Well I'm halfway up this book so far. But I'll definitely be going back to it as soon as I write the review. Starting from the things I loved about your book, I loved the plot, which is the most important thing in any story. It's quite unique and you've added a touch of mystery and adventure here that captivated me right from the start.

The writing style is good but I feel that it could do much better with some editing. I felt like some phrases could be said better than what you've written.

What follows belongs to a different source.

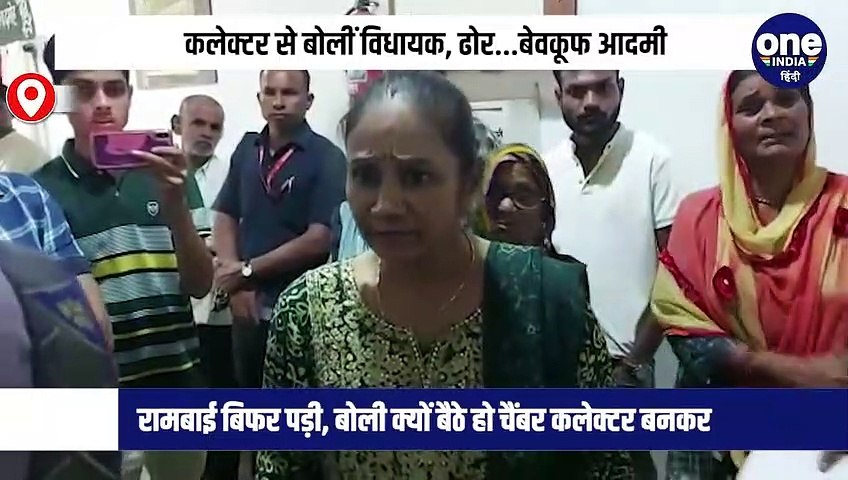 रामबाई गुस्से में बोली मुझसे नियमों की बात आप मत करो। यदि ये कागज सही हैं, क्या यह पात्रता नहीं है, पात्रता क्या होती है। 35 साल से 15 साल से पात्रता चैक नहीं करा पाए। आप शिविर किसलिए लगाए जा रहे हैं। कौन देखेगा इनको। इनकी पात्रता है तो ये कहां जाएं, कहां गए आपके अधिकारी। कलेक्टर इस दौरान कहते रहे कि मैं पात्रता चेक करा लेता हूं। जो भी पात्र है, उसे लाभ दिया जाएगा। कलेक्टर ने जब कहा कि मैं चेक करा लूंगा तो रामबाई गुस्से में चिल्लाते हुए चीखकर बोली- अरे आंखे फूट गईं क्या तुम्हारी और तुम्हारे कर्मचारियों की, अकल ही नहीं है, दो रुपए कि, आंखे फूट गईं क्या, चेक कराने की बात करते हो... बेवकूफ आदमी, ढोर आदमी, ये कलेक्टर है या बेवकूफ है, अकल ही नहीं है, मुझे डायलाग मार रहे हो। रामबाई यहीं नहीं रुकी और कलेक्टर के चैंबर में जाने के बावजूद भी जोर-जोर से मीडिया के कैमरों के सामने चिल्लाती रहीं।
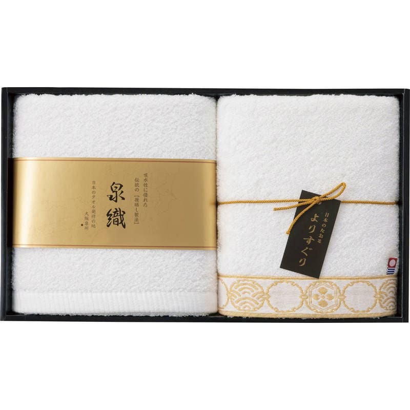▼▼▼▼▼▼注意事項▼▼▼▼▼▼・送料込み(送料800円が商品価格に含まれています) 一部地域では追加送料あり。・お取り寄せ商品です。弊社にて手配後、メーカー・卸業者からの直送になります。・まれにメーカー欠品、出荷遅延等が発生致します。問題発生時は別途メールにてご連絡致します。・配送方法の指定、日時指定、置き配、ギフト対応、他商品との同梱配送などは対応できません。・まとめ買いや複数購入の場合は通常より発送に時間が掛かる場合がございます・複数個口の場合、2階以上への搬入ができない場合があります。(その場合は1階での受け渡しとなります)・大型連休、お盆、年末年始などは発送をお休みさせていただく場合がございます・メーカー都合により、パッケージは予告なく変更される場合がございます・梱包用のダンボールはリサイクル品を使用させていただきます。・注文に関するご連絡(注文確定通知・発送通知など)はメールでご案内させていただきます※商品ページの内容について、少しでもご不明な点などがございましたら購入前に一度ご連絡ください▲▲▲▲▲▲注意事項▲▲▲▲▲▲〇商品説明日本のたおるよりすぐり 泉織 日本のタオル二大産地である愛媛 今治タオルと大阪 泉州タオルをギフトセットにしました。今治タオル:綿糸の状態で白く晒してからタオルに織り上げる「先晒し」でふんわりしたタオルに仕上げています。泉州タオル:タオルを織り上げたのち、糊を落とす「晒す」工程があるため、吸水性に優れた使いやすいタオルです。今治タオルブランド認定番号:第2021-1005号〇商品仕様【パッケージサイズ】420×70×240mm【内容】泉州バスタオル:600×1200mm・今治バスタオル:600×1200mm×各1【材質】綿100%【生産国】日本【パッケージ形態】化粧箱入

Like, for example, it would sound better if you used 'told', 'answered', 'announced', 'commented' and such similar verbs instead of the verb 'said to' as used in multiple places.
Story wise, like the other readers have commented, I, too felt like there were some 'blank spaces' in the first few chapters. However, things started making sense as I reached further. I found some grammar errors regarding tense and sentence structuring and a few typos.
Another thing I want to add (forgive me if I'm coming out as too harsh but I just want to give an honest review) is maybe you might want to shiw the characters' emotions more openly. Personally, infect like there were a lot of dialogues between the characters but quite a few sentences indicating their internal thoughts and feelings. Those internal emotions can help the readers truly feel the characters and what they're going through.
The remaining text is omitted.